When I grow up, I want to be Patsy Detamore.
She is 87, lives in Plant City, has graying curls and a perfect pink manicure. When I met her, she lay in a patient room at Tampa General Hospital, a pack of white-coated young doctors huddled around her battered, swollen, bandaged ankle, muttering to themselves.
The ankle was, to use a non-medical term, shattered, though not due to a slip in the tub nor the tip of a cane badly placed on a throw rug. Mrs. Detamore had been, in point of fact, skydiving, which may have had something to do with the doctors' mutterings.
Here is how she tells it: She was in the plane June 3, tethered to the instructor for the tandem jump, leaping out at 7,000 feet over the earth, except something went wrong and her ankle smashed against the metal of the plane and they went all the way down that way. She makes it sound like an adventure.
Well, she had broken a bone or two before. In judo, which she took up at the age of 39.
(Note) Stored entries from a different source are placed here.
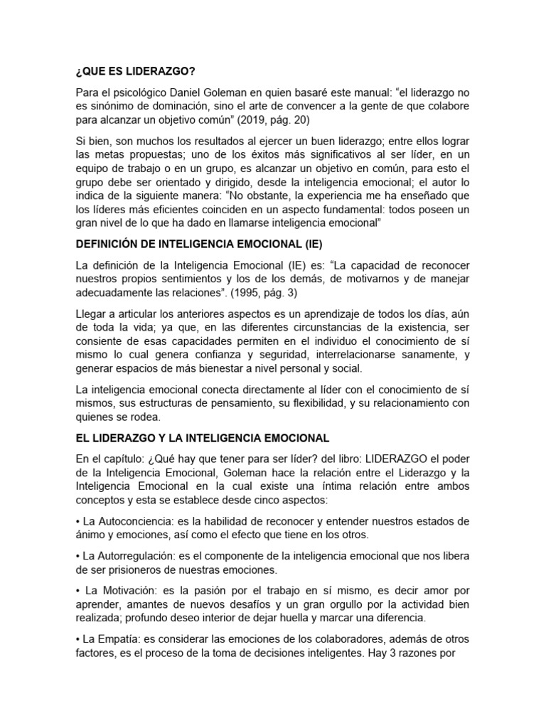 Para el psicológico Daniel Goleman en quien basaré este manual: “el liderazgo no
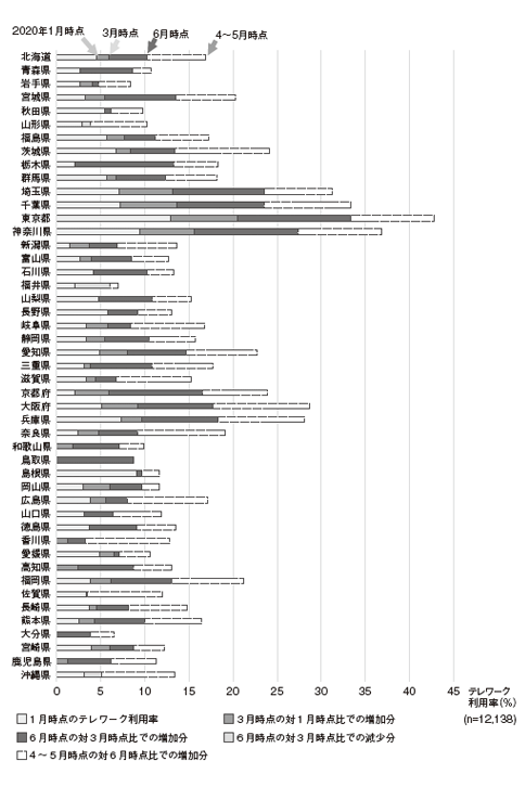 就業者実態調査の結果によると、全国の就業者のうちテレワークを利用した人の割合は、1月時点では全国平均わずか6%だったが、3月時点では10%に上昇し、緊急事態宣言が出された4~5月は25%に上昇した。宣言解除後の6月時点には17%に低下したものの、宣言前の3月時点に比べて7ポイントほど高くなっており、テレワークが定着してきているようである(注1)。
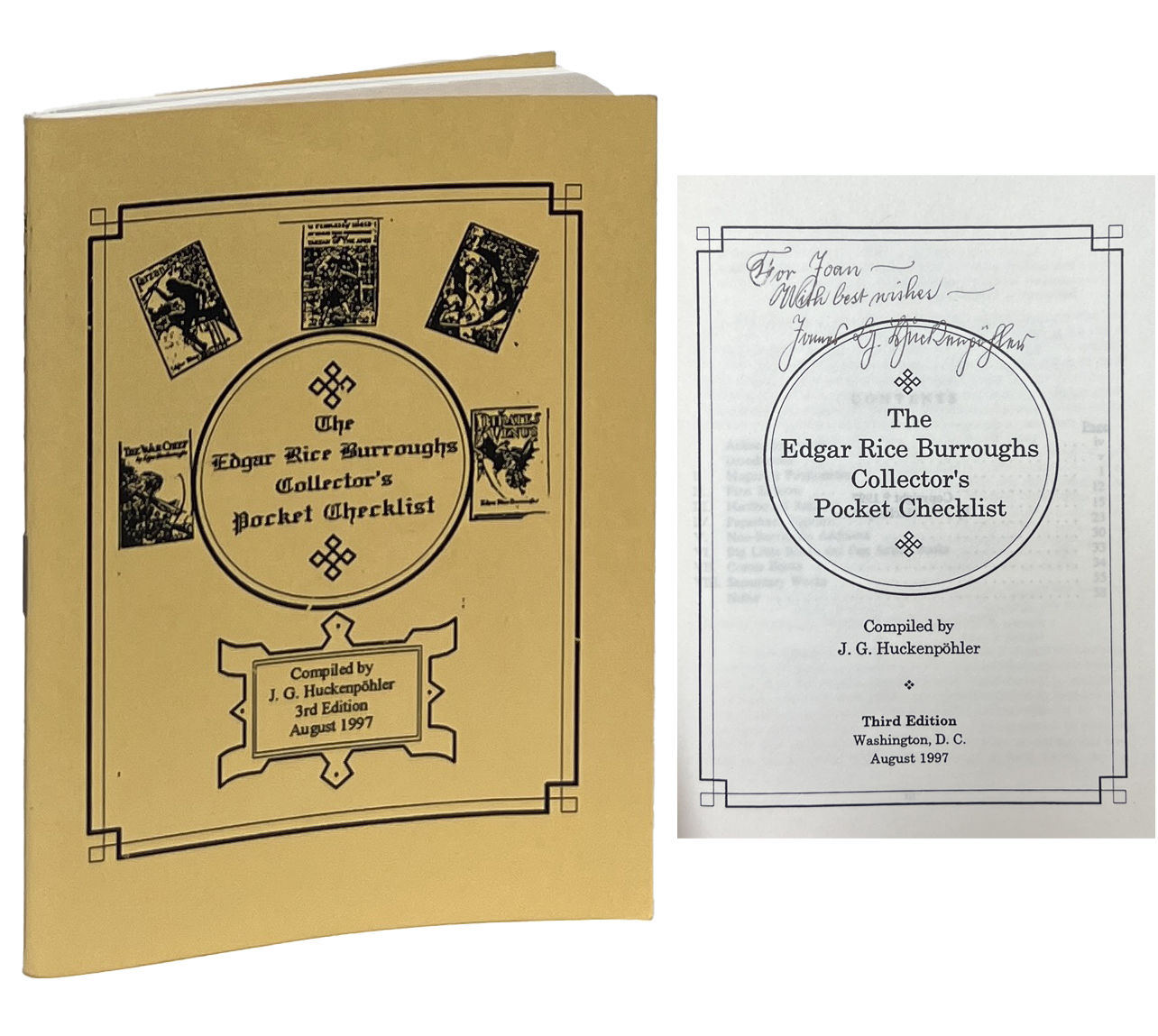Washington DC: J.G. Huckenpohler, 1997. Third Edition. Mass Market Paperback. Fine. Inscribed on the title page by Huckenpohler to ERB fan Joan Bledig. Fine. Clean wraps. Square and firmly bound with two staples, clean internally. From the collection of Joan Bledig.
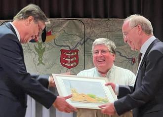 Bürgermeister Farcy überreicht Bürgermeister Dr.Fendt als Gastgeschenk ein kunstvolles Gemälde der Kirche von Villecresnes.
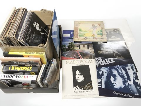 Assorted LP records including Status Quo, The Police, Elton John, The Carpenters, Neil Diamond, 10cc, Wings, Meatloaf, Sting, Bob Dylan, Alice Cooper, John Lennon, The Beatles and a group of music related books and DVDs. (1 box)
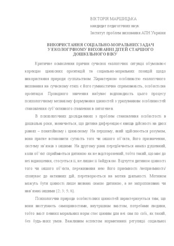 - Маршицька, В.В. (orcid.org/0000-0002-7072-8844) (2003) Use of social and moral tasks in the ecological upbringing of children of the senior preschool age Дошкільне виховання, 11. pp. 7-10.
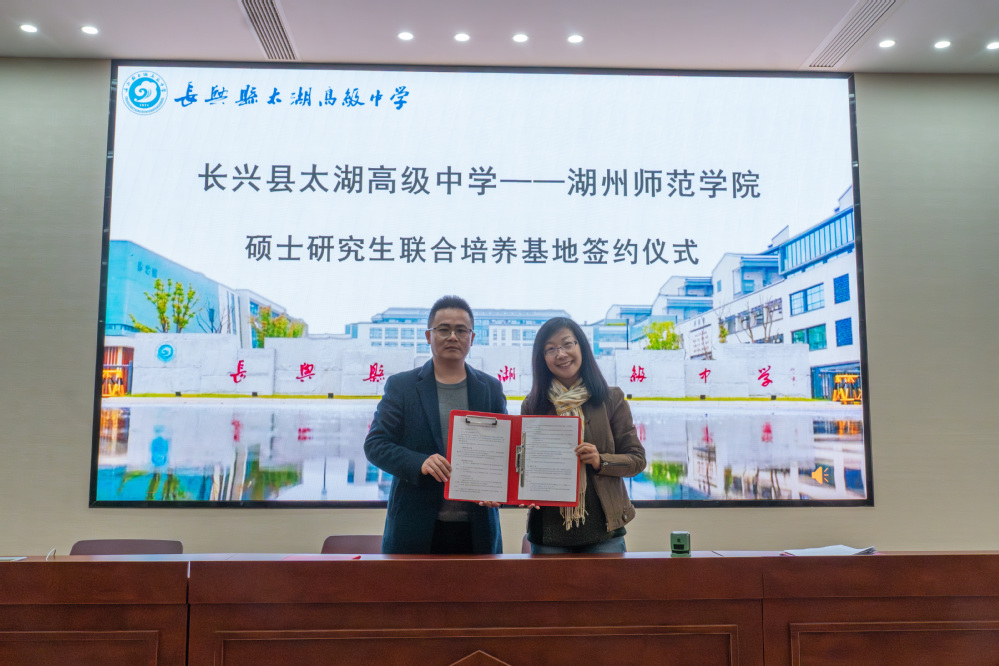 12月11日上午,我院副院长鲁立带队,学术副院长漆明镜及相关工作人员一行赴长兴县太湖高级中学,共同举行硕士研究生联合培养基地签约仪式。太湖高级中学党委书记曹鑫辉、副校长章泽出席活动。
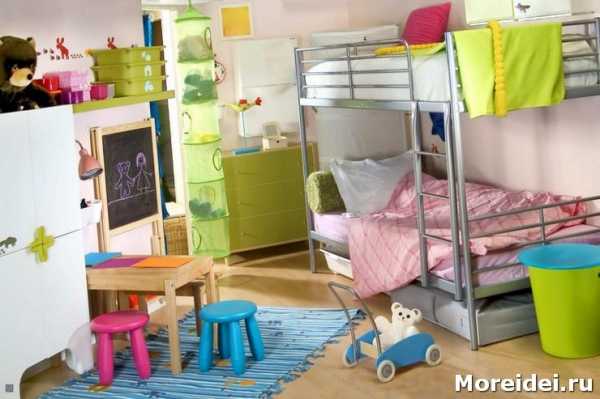 Если мальчики и девочки уже ходят в школу, то их спальные места необходимо расположить подальше друг от друга или, по крайней мере, отгородить стеллажами или ширмами. Так дети будут чувствовать себя более комфортно.

Her three daughters were against an entry for "skydiving" on Mrs. Detamore's bucket list. Two thought it was a bad idea, and the third wanted mom to wait until they could jump together. This daughter she refers to as her Bad Influence.
So how do you end up three years shy of 90 with the chutzpah to jump out of a plane?
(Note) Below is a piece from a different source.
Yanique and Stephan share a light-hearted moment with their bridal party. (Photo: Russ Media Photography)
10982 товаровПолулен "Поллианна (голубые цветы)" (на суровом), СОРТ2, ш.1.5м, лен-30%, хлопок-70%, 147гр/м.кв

In her small hospital room, she described a life that sounded like it was out of a novel. Raised on the family ranch in Montana, she grew up independent and hiked all day "knowing I would never see another person." Her father gave her a rifle when she was 14. When she shot her first chipmunk, he said she would have to eat what she killed. That stayed with her.
In an improbable plot twist, her father took a job in the Panama Canal Zone. She remembered rain like she had never seen before, and the smells of musty leaves mixed with diesel fuel. There she married Jerry Detamore, raised her girls and stayed 39 years. She self-published a book titled, I am not making this up, Mama Wore Jungle Boots. I especially liked the part where she learns to check her shoes for scorpions and spiders.
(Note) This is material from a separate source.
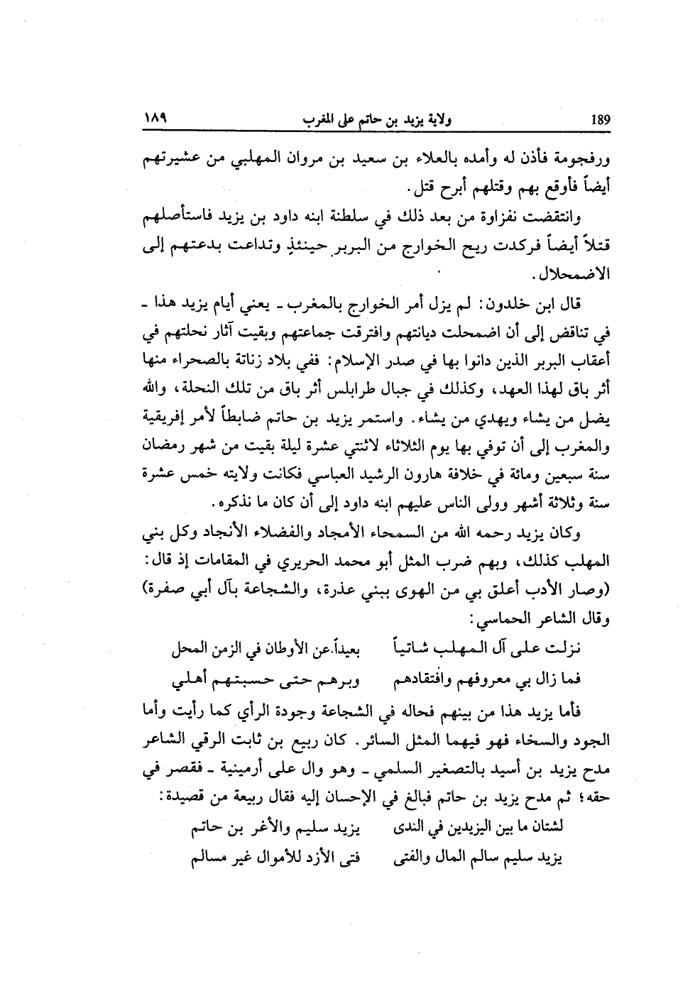 قَالَ ابْن خلدون لم يزل أَمر الْخَوَارِج بالمغرب يَعْنِي أَيَّام يزِيد هَذَا فِي تنَاقض إِلَى أَن اضمحلت ديانتهم وافترقت جَمَاعَتهمْ وَبقيت آثَار نحلتهم فِي أعقاب البربر الَّذين دانوا بهَا فِي صدر الْإِسْلَام فَفِي بِلَاد زناتة بالصحراء مِنْهَا أثر بَاقٍ لهَذَا الْعَهْد وَكَذَلِكَ فِي جبال طرابلس أثر بَاقٍ من تِلْكَ النحلة وَالله يضل من يَشَاء وَيهْدِي من يَشَاء وَاسْتمرّ يزِيد بن حَاتِم ضابطا لأمر إفريقية وَالْمغْرب إِلَى أَن توفّي بهَا يَوْم الثُّلَاثَاء لِاثْنَتَيْ عشرَة لَيْلَة بقيت من شهر رَمَضَان سنة سبعين وَمِائَة فِي خلَافَة هَارُون الرشيد العباسي فَكَانَت ولَايَته خمس عشرَة سنة وَثَلَاثَة أشهر وَولى النَّاس عَلَيْهِم ابْنه دَاوُد إِلَى أَن كَانَ مَا نذكرهُ

Motherhood was her career. After her Bad Influence took up judo, so did she. Mrs. Detamore has a black belt.
She and her husband later traveled the states in a trailer. "We could wake up in the morning at home, but in a completely new place," she says. After he died, she settled in Florida near her youngest, Cathy Denton, who lives in Valrico.
Naturally, one of Mrs. Detamore's comforters won a blue ribbon in the Strawberry Festival.
She has nine grandchildren who do not call her grandma or, heaven forbid, granny. She is Lita, short for abuelita, a Spanish word for grandmother. It is not uncommon for one of them to say, "Lita, you're crazy."
"In admiration," Mrs. Detamore says, "I think."
If you ask her how to have a happy and interesting life, she says she chose her parents wisely. She went from a big, nurturing family to marrying "a gentle man." The rest apparently is attitude.
The same day I met Mrs. Detamore, I also happened to stop at a big grocery store that is connected to a dark, upstairs parking garage. An escalator takes you down into the store. But this day, the escalator was broken, as steep and still as a staircase, and an elderly woman stood at the top, eyeing it. She took my arm and we went down together, step by excruciatingly slow step, me itching to get my errand done and be gone.
She told me she had taken a huge step herself that morning, figuratively speaking. She was too nervous to go to the grocery alone, with that parking garage and all the crime in the world. But she hated how she had to wait for someone to take her, hated feeling stuck at home. So that day, she did it. She drove and parked and tucked her purse under her arm inside her sweater and she did it. "You can't be afraid," she told me as we stepped off the last step and she went off toward the tomatoes. It sounded a little like skydiving.
On Mrs. Detamore's last day in the hospital before she went off to rehab, she told me her bucket list was down to "a pleasant ride in a helicopter." I pictured a helicopter doing somersaults. Any more skydiving? "No, I've done that," she said, eyes dancing. Soon, her Bad Influence will come to stay with her. You wonder what they will get up to.
When I called later, her daughter Cathy said her mom added one more to the list.
"She wants to go on a zipline."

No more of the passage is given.